Mirjam Ott (born 27 January 1972 in Bern, Switzerland) is a retired Swiss curler who lives in Laax, Switzerland. She is the 2012 World Curling Champion skip. She is the skip (captain) of the Swiss Olympic Curling Team. She has participated in several Olympic Games contests and has won numerous awards in many other curling events worldwide.

Career
Ott won the Olympic silver medal twice; in the 2002 Olympic Games in Salt Lake City (with skip Luzia Ebnöther) and 2006 in Turin (as skip herself), making her the first woman with two Olympic medals in curling.
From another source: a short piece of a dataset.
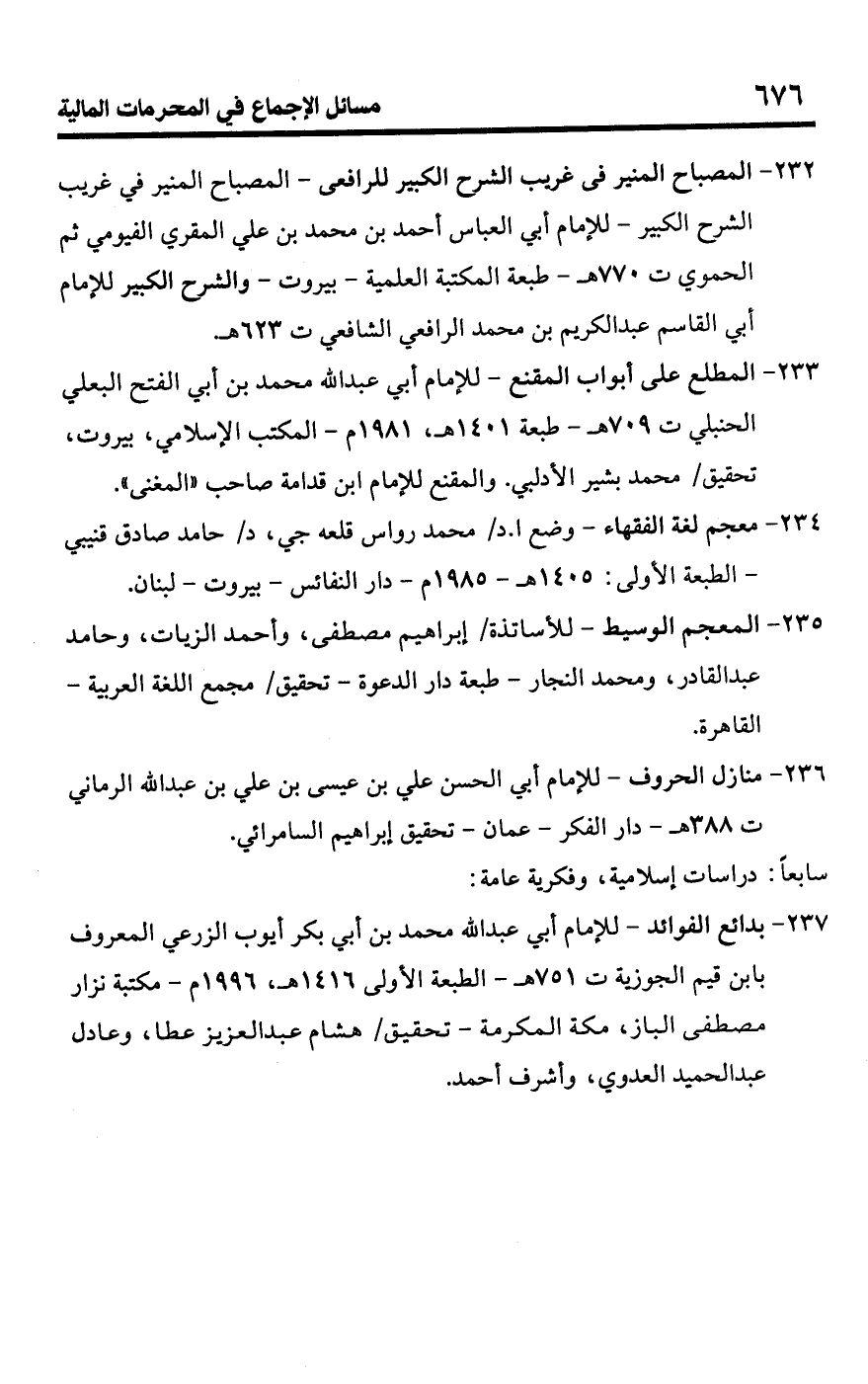 233 - المطلع على أبواب المقنع - للإمام أبي عبد اللَّه محمد بن أبي الفتح البعلي الحنبلي ت 709 هـ - طبعة 1401 هـ، 1981 م - المكتب الإسلامي، بيروت، تحقيق/ محمد بشير الأدلبي. والمقنع للإمام ابن قدامة صاحب "المغنى".

In 2008 the team won the European Championship in Sweden. At the 2010 Vancouver Olympic Games, her team finished a disappointing fourth place, as Ott's touch completely deserted her late in the semi-final and bronze medal matches. Ott won the 2012 Ford World Women's Curling Championship after defeating Sweden's Margaretha Sigfridsson in the final.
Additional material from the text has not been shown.